▶ **Exercise brief**
Transcribe the listing below exactly, without pictures.

▶ **Data segment**

*****

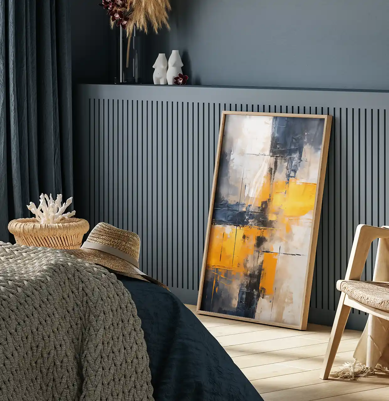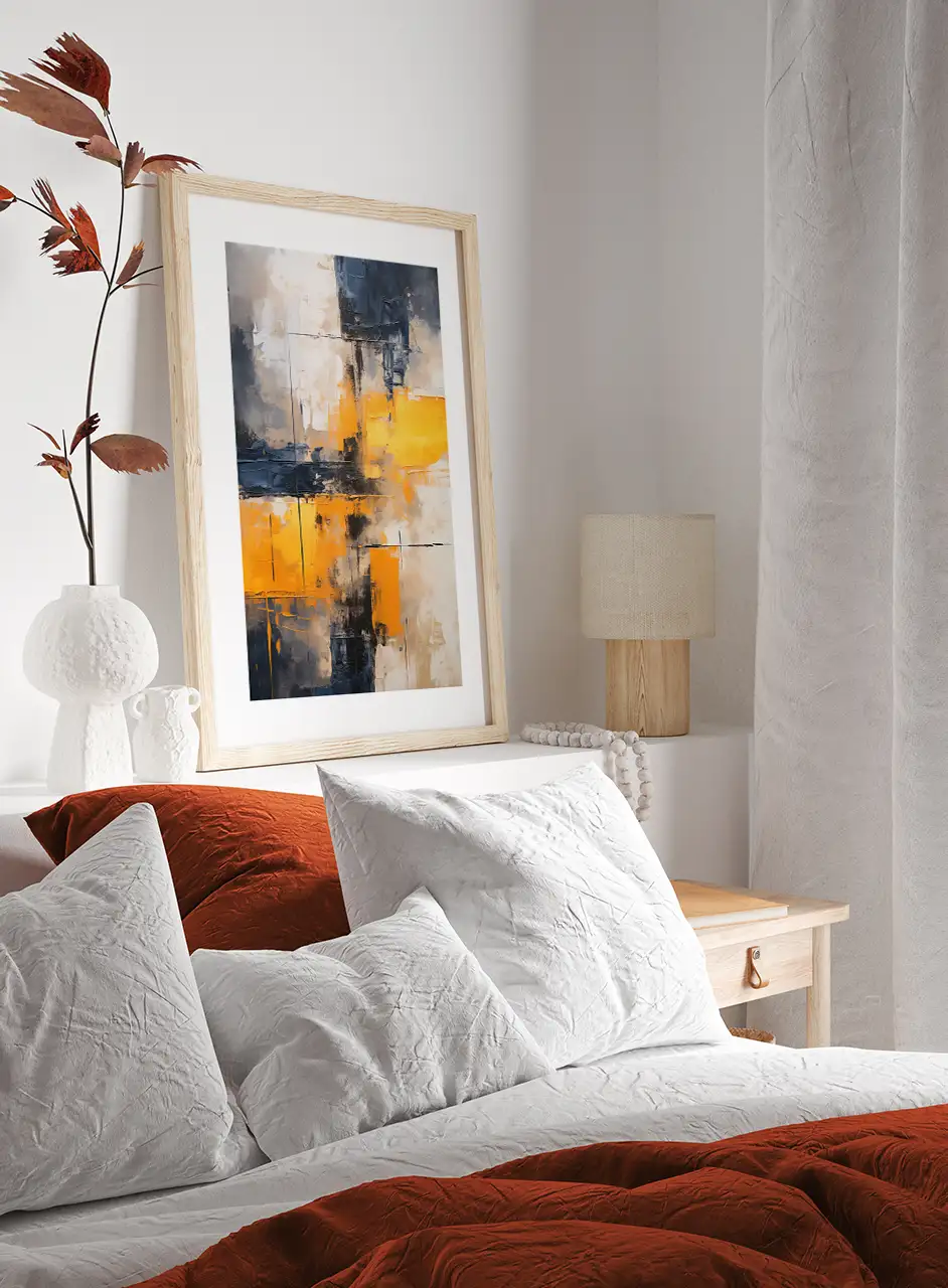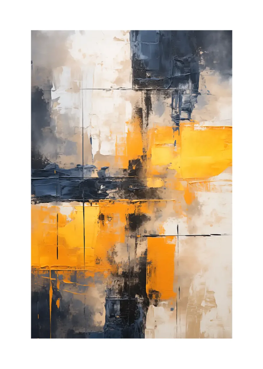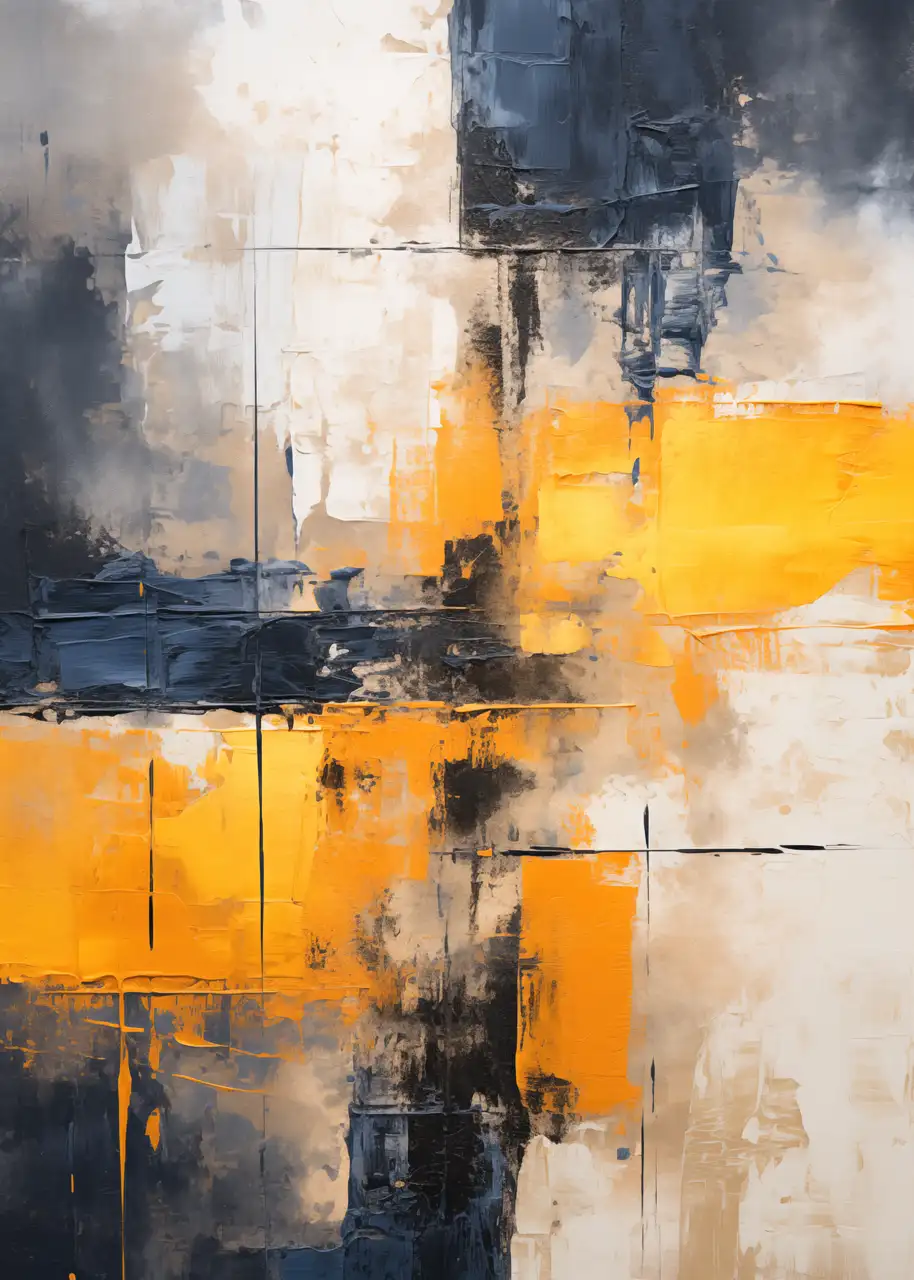 Kompozycja opiera się na zestawieniu jasnych odcieni bieli i beżu z intensywną żółcią oraz głębokimi fragmentami granatu i grafitu. Takie połączenie kolorów tworzy mocny kontrast wizualny, który przyciąga uwagę i nadaje grafice nowoczesny charakter.
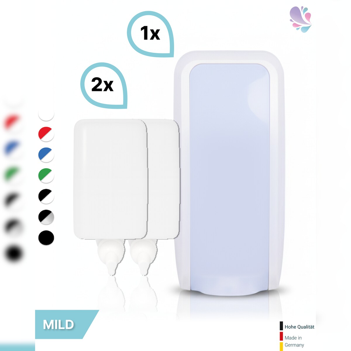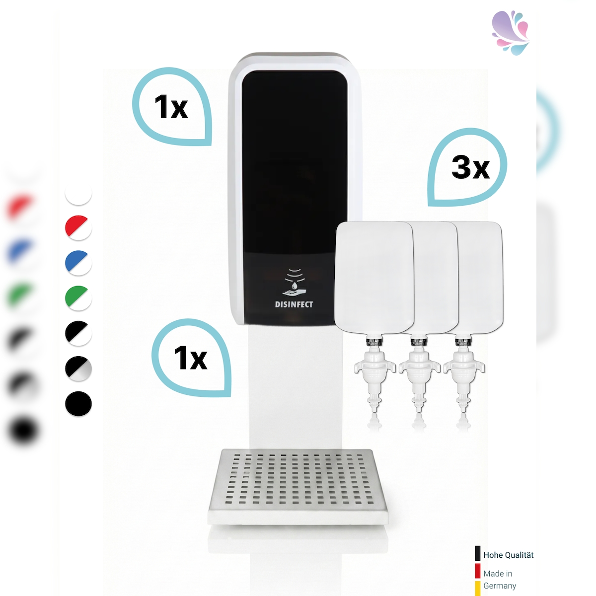 Blanc HYGIENIC SET: Desinfektionsspender SENSOR Blanc Cosmos versch. Farben + Tischständer weiß +3x 1-Liter Hautdesinfektion : Farbe - Schwarz / Weiß
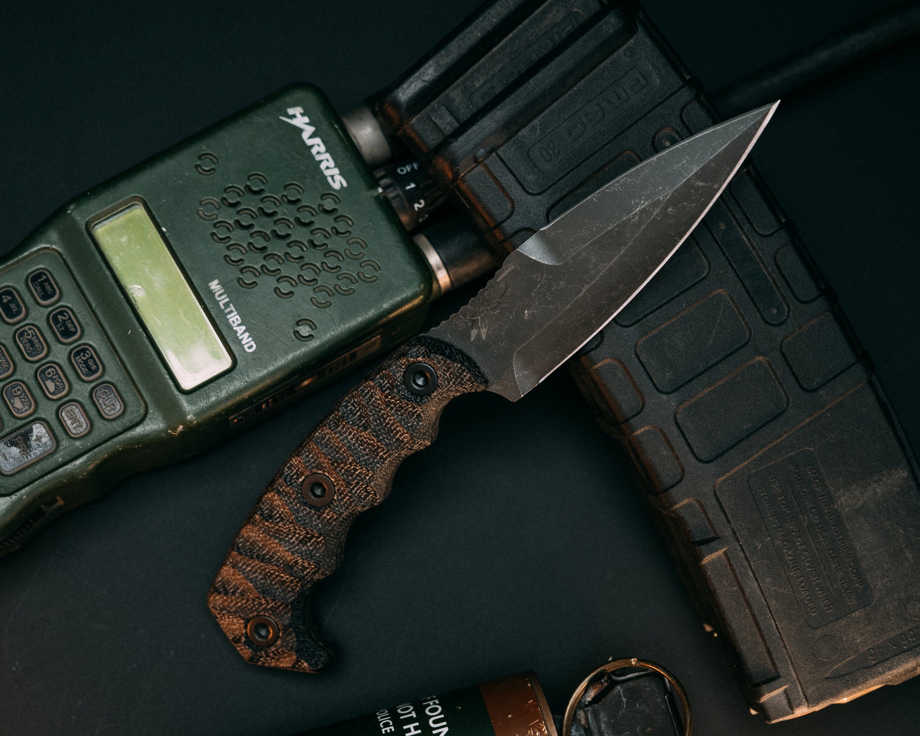 4" HUMINT- Black Canvas Micarta, Allen Bolts, Chaos Grip

*****

▶ **Solved problem**
 Kompozycja opiera się na zestawieniu jasnych odcieni bieli i beżu z intensywną żółcią oraz głębokimi fragmentami granatu i grafitu. Takie połączenie kolorów tworzy mocny kontrast wizualny, który przyciąga uwagę i nadaje grafice nowoczesny charakter.
 Blanc HYGIENIC SET: Desinfektionsspender SENSOR Blanc Cosmos versch. Farben + Tischständer weiß +3x 1-Liter Hautdesinfektion : Farbe - Schwarz / Weiß
 4" HUMINT- Black Canvas Micarta, Allen Bolts, Chaos Grip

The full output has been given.